The Phytosaur-Aetosaur-Metoposaur vertebrate fossil assemblage of the west (Chinle Group and correlatives) is quite different to the capitosaur-prosauropod-turtle fauna of Europe and Greenland. But even the Newark Supergroup of eastern North America of Neshanician and Cliftonian represents a different fauna to that of the South-west. Aetosaurus and Hypsognathus are common (perhaps indicative of a drier climate), phytosaurs and large aetosaurs are rarer. In the south-east there is a relict Carnian-type fauna (including traversodonts and rare dicynodonts), populating a wet equatorial zone
The date of the Typothorax zone is Lower/early Norian in early papers by Hunt and Lucas which only attempt a stratigraphy of American faunas (see table in Benton 1994), and the Redondasuchus zone Middle and possibly Late Norian. In the later work which correlates other faunas (e.g. European) Lucas 1998 Typothorax zone becomes the Revueltian LVA, which now includes at least most or all of the Norian, and the Redondasuchus zone becomes the Apachean LVA, which now includes all of the Rhaetian. However if we assume an average tetrapod species life-span of 2 or 3 million years (as estimated for mammals and dinosaurs) it seems hard to believe that a single species of Apachesaurus, Paratypothorax, or Hesperosuchus each last some twenty million years or more! (Late Carnian + all of Norian + Rhaetian). Although it is conceivably possible (or not) that most later Triassic tetrapod faunas were unusually stable and long-lived, and it is also possible that the Gradstein et al 2004 chronology overestimates the length of the Norian, another explanation might be that due to Late Triassic provinciality (which increased as the period proceeded) meant that the North American and European faunas were not always simultaneous, so that Aetosaurus, say, occurred later in Europe than in south-west North America. This would allow an earlier occurrence for American Apachean faunas, and hence a more realistic lifespan of the occurring species.

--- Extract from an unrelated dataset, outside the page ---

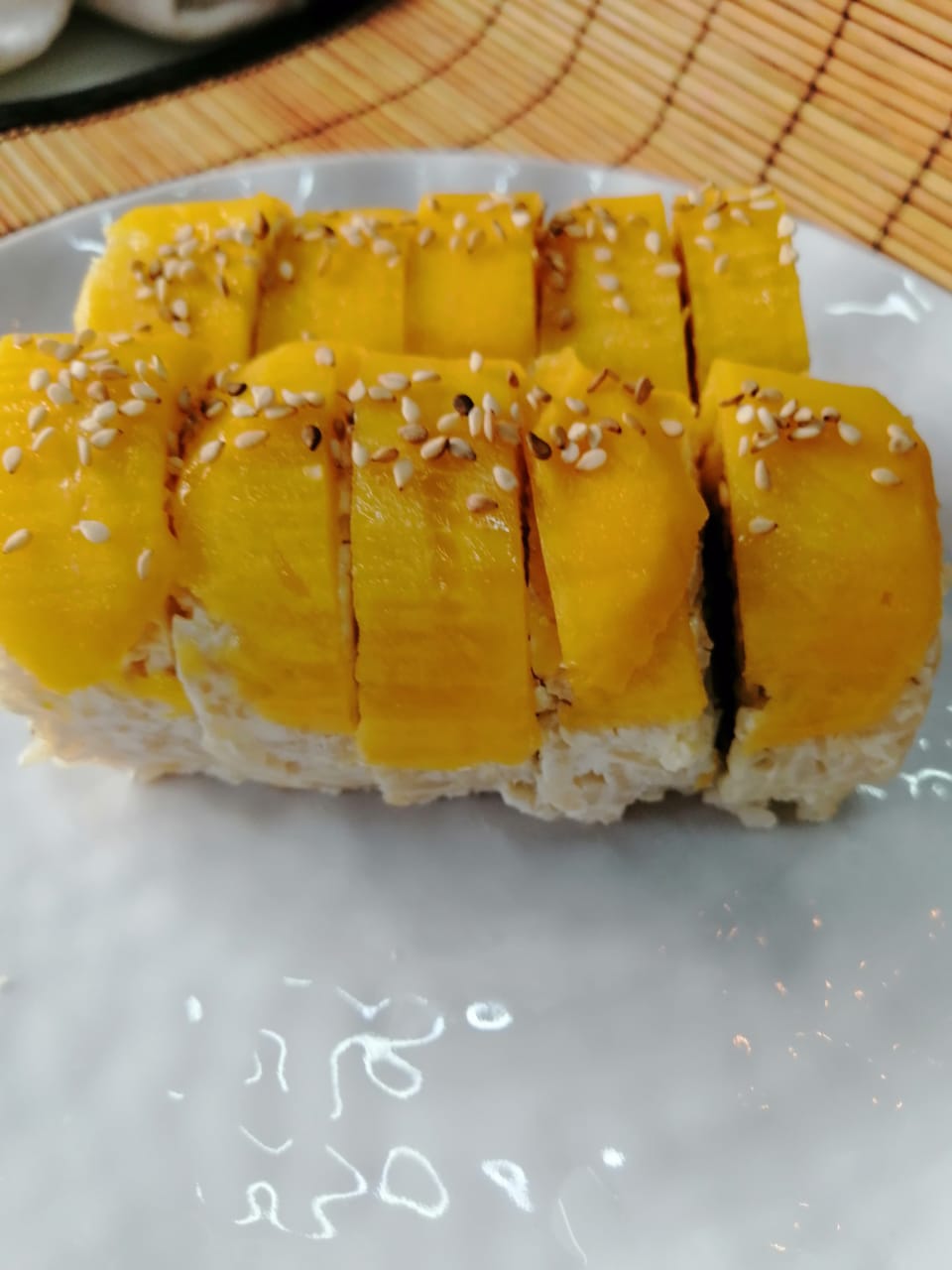 Sushi grande de 10 bocados: por dentro lleva camarón empanizado con queso crema, y por fuera una deliciosa mezcla de pasta de cangrejo y mango, bañada con exquisita salsa de tamarindo.

The famous Ghost Ranch, New Mexico, fauna provides a good case study for difficulties in dating Late Triassic (or any prehistoric) vertebrates. This assemblage, which features not only the early theropod Coelophysis (perhaps the most famous of all Triassic dinosaurs) but a number of other forms as well, is traditionally dated at late Carnian or Early Norian. The presence of Pseudopalatus shows that it has to be post-Carnian. On the basis of the presence of the phytosaur Redondasaurus Lucas 1998 considers it (The revised international LVF series) to be Apachean (=?Late Norian to Rhaetian) age. As well as Redondasaurus and the advanced podokesaur Syntarsus sp., the fauna contains typically late Carnian ( Adamanian) / early Norian elements, as represented by the sphenosuchian Hesperosuchus agilis [Clark et al 2000] and, supposedly, the aetosaur Desmatosuchus haploceras [See Ford, 2001 and Irmis, 2001 for a species list of this fauna - although of course this assumes that the identification of Desmatosuchus from this locality is correct). Hargrave 1999 considers the Coelophysis quarry to be "no younger than early Norian and is more likely near the Carnian/Norian boundary" on magnetostratigraphic evidence. On the other hand, the Rock Point Formation, in Whitaker (Ghost Ranch) quarry occurs, is just below (and possibly overlaps with the Latest Triassic to Earliest Jurassic Wingate Sandstone, which favours either a Rhaetian age or a Middle or Late Norian. Benton 1994 gives the age of the Rock Point Member of the Chinle Formation as Late Middle Norian. Pending more precise analysis, the date of the Whitaker quarry / Ghost Ranch fauna will remain somewhat debatable.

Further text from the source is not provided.